A multilayer ceramic capacitor comprising a laminate in which dielectric layers and internal electrode layers are alternately laminated, and a protective region covering at least a part of the laminate,
A dye component that darkens the protected area is added to the protected area ;
The protective region to which the dye component is added is a cover layer that is an outermost layer in the stacking direction of the stacked body and a side margin portion that is provided on both sides orthogonal to the stacking direction of the stacked body. Multilayer ceramic capacitor.   The multilayer ceramic capacitor according to claim 1, wherein the protective region has a thickness of 15 μm or less.

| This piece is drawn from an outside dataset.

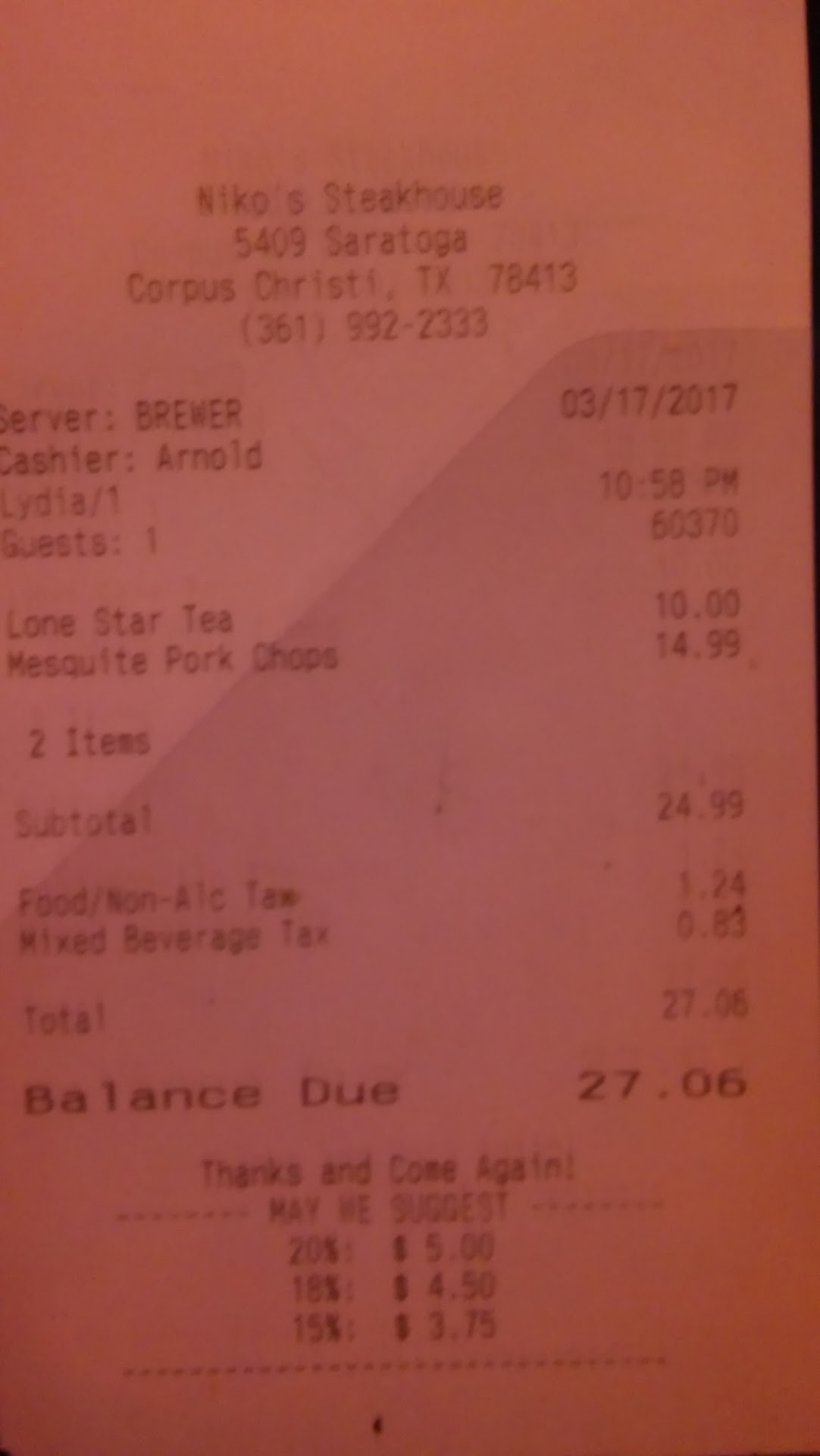 I have been to Niko's many times. I have to say that before 2020 this was a restaurant that did not disappoint. However, since covid they have gone down hill & every time I try to give them a chance they fail me. I went there back at the beginning of Dec to celebrate my son's going away. When our server first greeted us he seemed confused as to how to swap out vodka for tequila. That is understandable. However, after our party of 6 had been waiting for 40 min to order our food, another server came to assist us. She ended up helping us and making sure to check on us regularly. The food came out and the bake stuffed shrimp included the shrimp being luke warm and overcooked as if it had sat out for a while. Today, despite that last visit, I decided to give it another shot. Again food came out luke warm as if it was sitting for a while. We ordered 3 Bellini martinis but with tequila instead of vodka, like we did last time. I understand that some servers may not be knowledgeable when it comes to liquor and how to charge. However, we were charged specifically for Don Julio which is not the well that should have been charged. When we brought this up to the server he told us the bartender told him to ring this up and that after meeting with the Manager, Douglas, that he also agreed that this charge was correct. When our server tried to call the manager over who was on his way to the restroom, the manager waived his hand up as to say he didn't have time for us. We waited, then Douglas came over to apologize but then blamed the server who he said told him we asked specifically for Don Julio. I have served and bartended in Corpus for multiple restaurants and bars and know this is incorrect. When a customer asks for a a swap out of liquors, the assumption is to charge well not a premium unless the customer specifies this. We were charged $40 more on our ticket which also included a birthday charge. Now I understand the birthday charge. However, $4 for a cup of ice cream is ridiculous. Douglas corrected the charge after he saw we were not going to just walk out without saying anything. We are unsure if the server, bartender, or the manager lied. However, the whole evening celebrating my mother-in law's birthday was ruined by this. Niko needs to educate their servers and also teach their managers that customers come first. At first we felt Douglas was trying to ignore our complaint. Although he corrected it, this should not have been such a big issue. The server not apologizing after or saying a word to us after also made us feel maybe we were wrong to defend him as he may have just been the one who lied. Either way, this was the last time we will give this place a chance. The amount they charge is not worth it especially if the food sits out. Another thing, we were annoyed by gnats at our booth which was not near the bar....

The protective region contains Ba and Ti as main component elements,
The multilayer ceramic capacitor according to claim 1 or 2, wherein the pigment component contains at least one element selected from the group consisting of V, Mo, Nb, Ta, W, and Mn.   The multilayer ceramic capacitor according to claim 3, wherein the protective region contains 0.2 mol or more of the dye component with respect to 100 mol of Ba or Ti as the main component element.   The multilayer ceramic capacitor according to any one of claims 1 to 4, wherein a composition amount of a subcomponent in the dielectric layer is smaller than a composition amount of the dye component in the protection region.   The ratio a / b of the composition amount a of the dye component in the protection region to the composition amount b of the subcomponent in the dielectric layer satisfies a relational expression of 1.5 ≦ a / b ≦ 5.0. The multilayer ceramic capacitor according to any one of -5. The protective region includes at least one element selected from Sr and Ca as a main component element and at least one element selected from Ti and Zr;
The multilayer ceramic capacitor according to claim 1 or 2, wherein the pigment component contains at least one element selected from the group consisting of V, Mo, Nb, Ta, W, and Mn.